Once the preliminary permission is granted, the surveyor can begin the plot subdivision. The process begins with the request of data from the property registry (only land surveyors can request this type of “technical” data, which is essential for the plot boundary adjustment to be carried out) and the on-site survey of the relevant plots. The surveyor then draws up a survey plan and submits it to the Land Registry Office, which then validates it (technically verifies it) and, if everything is in order, certifies it with a stamp. The surveyor hands over the validated survey plan to the client and the surveyor has finished his work.
The client, or more precisely the owner(s), must then sign the survey plan and take it to the local government together with an application, then the government should contribute to the plot boundary adjustment by means of a decision, since it has already approved it preliminarily.
With the legally binding decision of the local government and the survey plan - which already bears the stamp of the local government - it is necessary to go back to the Land Registry Office, where the change will be transferred, which means that the map and the title deed will show the status created by the plot boundary adjustment ordered by the client.
Plot boundary adjustment: what do you need to know?
Plot boundary adjustment is a variant of the plot restructuring procedure and is required to change the boundary between two or more plots of land.
It is often the case that the only way to expand a plot of land is to agree with the owner of the neighbouring plot; it is not a merger of plots, but rather the purchase of a few square meters. This may be necessary, for example, if the building planned for a particular plot of land is too large for the size of the plot - only a certain percentage of the plot can be developed - and a minimal expansion would solve the problem. If one or all of the direct neighbours agree to sell part of their plot of land, there is a procedure to make it official: the plot boundary adjustment.

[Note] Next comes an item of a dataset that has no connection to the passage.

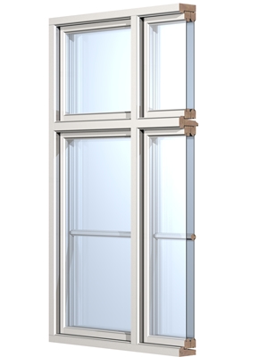 RM´s Allmogefönster är ett träfönster i kopplat 1+1 (2-glas) efter gammal profilstandard med tunn kittad spröjs och profiler, detta medför maximalt ljusinsläpp.Allmogefönstret har en fin allmogeprofil på insidan på båge karm och spröjs.

Plot boundary adjustment is a relatively complicated and undoubtedly complex process that can only be partially completed by one person. The first step is to go to the technical or building department of the local government, where a so-called “preliminary boundary adjustment permission” or “preliminary position statement” is required, which is basically a consent to the procedure. You will then need to visit a land surveyor who will order the land registry data, carry out an on-site survey of the plot of land concerned, draw up a plot boundary adjustment site plan, help you to complete the necessary forms and finally mark the newly created plot boundary points. Unfortunately, this is not the end of the story yet, as further paperwork is required at the Land Registry Office and the local government, but fortunately this is largely a matter of time, as before the finalisation - that is, the transfer of the change by the Land Registry Office - one must wait for the neighbour’s appeal period, which is only 15 days.